▸ Prompt:
Send back every record word for word, with nothing missing.

··········

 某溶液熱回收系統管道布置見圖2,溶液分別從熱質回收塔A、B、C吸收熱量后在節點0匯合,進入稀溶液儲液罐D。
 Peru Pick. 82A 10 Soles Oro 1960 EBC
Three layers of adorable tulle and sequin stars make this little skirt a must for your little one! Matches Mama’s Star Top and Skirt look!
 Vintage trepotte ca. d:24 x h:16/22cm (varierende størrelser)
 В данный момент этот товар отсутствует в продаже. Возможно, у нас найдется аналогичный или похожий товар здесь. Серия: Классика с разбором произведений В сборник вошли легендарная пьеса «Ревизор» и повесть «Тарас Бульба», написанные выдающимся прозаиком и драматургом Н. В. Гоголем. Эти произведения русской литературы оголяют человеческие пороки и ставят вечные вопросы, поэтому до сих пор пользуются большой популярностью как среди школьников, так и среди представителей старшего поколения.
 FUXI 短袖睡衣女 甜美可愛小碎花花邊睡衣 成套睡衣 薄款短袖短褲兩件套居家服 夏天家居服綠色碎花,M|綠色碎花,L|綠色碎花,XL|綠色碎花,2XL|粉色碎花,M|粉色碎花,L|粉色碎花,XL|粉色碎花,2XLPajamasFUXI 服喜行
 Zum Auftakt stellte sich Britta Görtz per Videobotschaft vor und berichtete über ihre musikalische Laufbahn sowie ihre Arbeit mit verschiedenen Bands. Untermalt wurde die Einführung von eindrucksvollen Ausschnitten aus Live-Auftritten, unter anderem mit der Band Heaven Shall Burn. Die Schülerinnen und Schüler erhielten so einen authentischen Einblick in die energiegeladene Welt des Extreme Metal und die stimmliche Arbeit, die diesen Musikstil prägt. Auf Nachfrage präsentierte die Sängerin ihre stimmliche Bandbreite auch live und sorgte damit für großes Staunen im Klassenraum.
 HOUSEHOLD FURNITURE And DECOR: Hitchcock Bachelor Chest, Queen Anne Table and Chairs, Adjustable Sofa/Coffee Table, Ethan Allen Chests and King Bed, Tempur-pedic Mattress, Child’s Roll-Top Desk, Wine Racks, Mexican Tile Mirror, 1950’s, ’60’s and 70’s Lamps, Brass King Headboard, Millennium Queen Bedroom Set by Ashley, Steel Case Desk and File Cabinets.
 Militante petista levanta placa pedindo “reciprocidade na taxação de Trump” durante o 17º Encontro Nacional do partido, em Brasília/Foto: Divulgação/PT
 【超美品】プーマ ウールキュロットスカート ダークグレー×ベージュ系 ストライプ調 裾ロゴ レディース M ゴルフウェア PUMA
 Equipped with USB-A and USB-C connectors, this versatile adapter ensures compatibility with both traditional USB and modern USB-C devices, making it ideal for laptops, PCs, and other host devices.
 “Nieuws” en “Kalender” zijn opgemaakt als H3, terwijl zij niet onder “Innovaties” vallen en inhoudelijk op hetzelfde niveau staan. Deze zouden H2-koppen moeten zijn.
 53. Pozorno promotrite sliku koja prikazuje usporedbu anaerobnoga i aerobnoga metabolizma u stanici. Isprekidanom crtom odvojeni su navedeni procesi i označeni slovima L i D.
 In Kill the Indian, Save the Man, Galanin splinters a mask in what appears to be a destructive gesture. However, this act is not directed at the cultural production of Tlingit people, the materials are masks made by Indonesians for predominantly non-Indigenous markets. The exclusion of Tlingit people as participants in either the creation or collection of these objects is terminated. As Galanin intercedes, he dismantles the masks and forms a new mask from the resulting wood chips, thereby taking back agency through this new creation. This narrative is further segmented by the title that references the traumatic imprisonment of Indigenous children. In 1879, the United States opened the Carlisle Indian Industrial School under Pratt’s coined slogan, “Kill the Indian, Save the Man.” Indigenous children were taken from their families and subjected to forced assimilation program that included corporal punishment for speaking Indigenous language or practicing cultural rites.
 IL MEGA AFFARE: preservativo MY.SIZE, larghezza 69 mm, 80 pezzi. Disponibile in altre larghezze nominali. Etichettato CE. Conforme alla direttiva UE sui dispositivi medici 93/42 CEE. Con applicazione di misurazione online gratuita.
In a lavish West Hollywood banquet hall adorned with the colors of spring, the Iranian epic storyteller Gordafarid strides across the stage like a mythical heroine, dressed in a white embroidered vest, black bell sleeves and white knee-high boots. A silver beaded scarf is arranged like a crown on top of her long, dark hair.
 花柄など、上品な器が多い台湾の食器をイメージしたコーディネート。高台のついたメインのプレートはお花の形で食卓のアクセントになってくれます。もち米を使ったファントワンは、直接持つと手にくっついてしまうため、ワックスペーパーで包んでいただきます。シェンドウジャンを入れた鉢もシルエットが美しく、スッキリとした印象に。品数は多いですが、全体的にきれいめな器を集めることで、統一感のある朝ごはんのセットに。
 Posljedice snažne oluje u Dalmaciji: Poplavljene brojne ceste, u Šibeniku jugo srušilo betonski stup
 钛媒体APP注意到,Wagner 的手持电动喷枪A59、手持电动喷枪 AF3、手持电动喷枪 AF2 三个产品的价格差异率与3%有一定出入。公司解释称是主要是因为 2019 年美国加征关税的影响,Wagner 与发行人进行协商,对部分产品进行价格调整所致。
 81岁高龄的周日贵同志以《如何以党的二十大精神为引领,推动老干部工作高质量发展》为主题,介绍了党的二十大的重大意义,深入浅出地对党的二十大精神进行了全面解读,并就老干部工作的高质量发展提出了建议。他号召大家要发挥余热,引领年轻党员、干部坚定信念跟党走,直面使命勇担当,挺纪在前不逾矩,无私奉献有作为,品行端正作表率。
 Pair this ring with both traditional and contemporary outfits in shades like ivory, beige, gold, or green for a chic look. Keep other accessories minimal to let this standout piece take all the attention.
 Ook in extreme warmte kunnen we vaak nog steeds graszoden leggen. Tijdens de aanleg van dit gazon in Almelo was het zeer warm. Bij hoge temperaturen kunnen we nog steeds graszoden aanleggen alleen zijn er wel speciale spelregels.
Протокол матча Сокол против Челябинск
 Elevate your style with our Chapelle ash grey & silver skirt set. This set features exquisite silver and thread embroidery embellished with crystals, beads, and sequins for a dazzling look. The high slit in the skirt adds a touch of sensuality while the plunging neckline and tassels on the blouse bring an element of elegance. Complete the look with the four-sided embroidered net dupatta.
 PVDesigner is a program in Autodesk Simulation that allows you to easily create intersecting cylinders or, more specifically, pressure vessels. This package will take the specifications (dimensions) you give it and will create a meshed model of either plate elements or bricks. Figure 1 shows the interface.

··········

▸ Solved problem:
 某溶液熱回收系統管道布置見圖2,溶液分別從熱質回收塔A、B、C吸收熱量后在節點0匯合,進入稀溶液儲液罐D。
 Peru Pick. 82A 10 Soles Oro 1960 EBC
Three layers of adorable tulle and sequin stars make this little skirt a must for your little one! Matches Mama’s Star Top and Skirt look!
 Vintage trepotte ca. d:24 x h:16/22cm (varierende størrelser)
 В данный момент этот товар отсутствует в продаже. Возможно, у нас найдется аналогичный или похожий товар здесь. Серия: Классика с разбором произведений В сборник вошли легендарная пьеса «Ревизор» и повесть «Тарас Бульба», написанные выдающимся прозаиком и драматургом Н. В. Гоголем. Эти произведения русской литературы оголяют человеческие пороки и ставят вечные вопросы, поэтому до сих пор пользуются большой популярностью как среди школьников, так и среди представителей старшего поколения.
 FUXI 短袖睡衣女 甜美可愛小碎花花邊睡衣 成套睡衣 薄款短袖短褲兩件套居家服 夏天家居服綠色碎花,M|綠色碎花,L|綠色碎花,XL|綠色碎花,2XL|粉色碎花,M|粉色碎花,L|粉色碎花,XL|粉色碎花,2XLPajamasFUXI 服喜行
 Zum Auftakt stellte sich Britta Görtz per Videobotschaft vor und berichtete über ihre musikalische Laufbahn sowie ihre Arbeit mit verschiedenen Bands. Untermalt wurde die Einführung von eindrucksvollen Ausschnitten aus Live-Auftritten, unter anderem mit der Band Heaven Shall Burn. Die Schülerinnen und Schüler erhielten so einen authentischen Einblick in die energiegeladene Welt des Extreme Metal und die stimmliche Arbeit, die diesen Musikstil prägt. Auf Nachfrage präsentierte die Sängerin ihre stimmliche Bandbreite auch live und sorgte damit für großes Staunen im Klassenraum.
 HOUSEHOLD FURNITURE And DECOR: Hitchcock Bachelor Chest, Queen Anne Table and Chairs, Adjustable Sofa/Coffee Table, Ethan Allen Chests and King Bed, Tempur-pedic Mattress, Child’s Roll-Top Desk, Wine Racks, Mexican Tile Mirror, 1950’s, ’60’s and 70’s Lamps, Brass King Headboard, Millennium Queen Bedroom Set by Ashley, Steel Case Desk and File Cabinets.
 Militante petista levanta placa pedindo “reciprocidade na taxação de Trump” durante o 17º Encontro Nacional do partido, em Brasília/Foto: Divulgação/PT
 【超美品】プーマ ウールキュロットスカート ダークグレー×ベージュ系 ストライプ調 裾ロゴ レディース M ゴルフウェア PUMA
 Equipped with USB-A and USB-C connectors, this versatile adapter ensures compatibility with both traditional USB and modern USB-C devices, making it ideal for laptops, PCs, and other host devices.
 “Nieuws” en “Kalender” zijn opgemaakt als H3, terwijl zij niet onder “Innovaties” vallen en inhoudelijk op hetzelfde niveau staan. Deze zouden H2-koppen moeten zijn.
 53. Pozorno promotrite sliku koja prikazuje usporedbu anaerobnoga i aerobnoga metabolizma u stanici. Isprekidanom crtom odvojeni su navedeni procesi i označeni slovima L i D.
 In Kill the Indian, Save the Man, Galanin splinters a mask in what appears to be a destructive gesture. However, this act is not directed at the cultural production of Tlingit people, the materials are masks made by Indonesians for predominantly non-Indigenous markets. The exclusion of Tlingit people as participants in either the creation or collection of these objects is terminated. As Galanin intercedes, he dismantles the masks and forms a new mask from the resulting wood chips, thereby taking back agency through this new creation. This narrative is further segmented by the title that references the traumatic imprisonment of Indigenous children. In 1879, the United States opened the Carlisle Indian Industrial School under Pratt’s coined slogan, “Kill the Indian, Save the Man.” Indigenous children were taken from their families and subjected to forced assimilation program that included corporal punishment for speaking Indigenous language or practicing cultural rites.
 IL MEGA AFFARE: preservativo MY.SIZE, larghezza 69 mm, 80 pezzi. Disponibile in altre larghezze nominali. Etichettato CE. Conforme alla direttiva UE sui dispositivi medici 93/42 CEE. Con applicazione di misurazione online gratuita.
In a lavish West Hollywood banquet hall adorned with the colors of spring, the Iranian epic storyteller Gordafarid strides across the stage like a mythical heroine, dressed in a white embroidered vest, black bell sleeves and white knee-high boots. A silver beaded scarf is arranged like a crown on top of her long, dark hair.
 花柄など、上品な器が多い台湾の食器をイメージしたコーディネート。高台のついたメインのプレートはお花の形で食卓のアクセントになってくれます。もち米を使ったファントワンは、直接持つと手にくっついてしまうため、ワックスペーパーで包んでいただきます。シェンドウジャンを入れた鉢もシルエットが美しく、スッキリとした印象に。品数は多いですが、全体的にきれいめな器を集めることで、統一感のある朝ごはんのセットに。
 Posljedice snažne oluje u Dalmaciji: Poplavljene brojne ceste, u Šibeniku jugo srušilo betonski stup
 钛媒体APP注意到,Wagner 的手持电动喷枪A59、手持电动喷枪 AF3、手持电动喷枪 AF2 三个产品的价格差异率与3%有一定出入。公司解释称是主要是因为 2019 年美国加征关税的影响,Wagner 与发行人进行协商,对部分产品进行价格调整所致。
 81岁高龄的周日贵同志以《如何以党的二十大精神为引领,推动老干部工作高质量发展》为主题,介绍了党的二十大的重大意义,深入浅出地对党的二十大精神进行了全面解读,并就老干部工作的高质量发展提出了建议。他号召大家要发挥余热,引领年轻党员、干部坚定信念跟党走,直面使命勇担当,挺纪在前不逾矩,无私奉献有作为,品行端正作表率。
 Pair this ring with both traditional and contemporary outfits in shades like ivory, beige, gold, or green for a chic look. Keep other accessories minimal to let this standout piece take all the attention.
 Ook in extreme warmte kunnen we vaak nog steeds graszoden leggen. Tijdens de aanleg van dit gazon in Almelo was het zeer warm. Bij hoge temperaturen kunnen we nog steeds graszoden aanleggen alleen zijn er wel speciale spelregels.
Протокол матча Сокол против Челябинск
 Elevate your style with our Chapelle ash grey & silver skirt set. This set features exquisite silver and thread embroidery embellished with crystals, beads, and sequins for a dazzling look. The high slit in the skirt adds a touch of sensuality while the plunging neckline and tassels on the blouse bring an element of elegance. Complete the look with the four-sided embroidered net dupatta.
 PVDesigner is a program in Autodesk Simulation that allows you to easily create intersecting cylinders or, more specifically, pressure vessels. This package will take the specifications (dimensions) you give it and will create a meshed model of either plate elements or bricks. Figure 1 shows the interface.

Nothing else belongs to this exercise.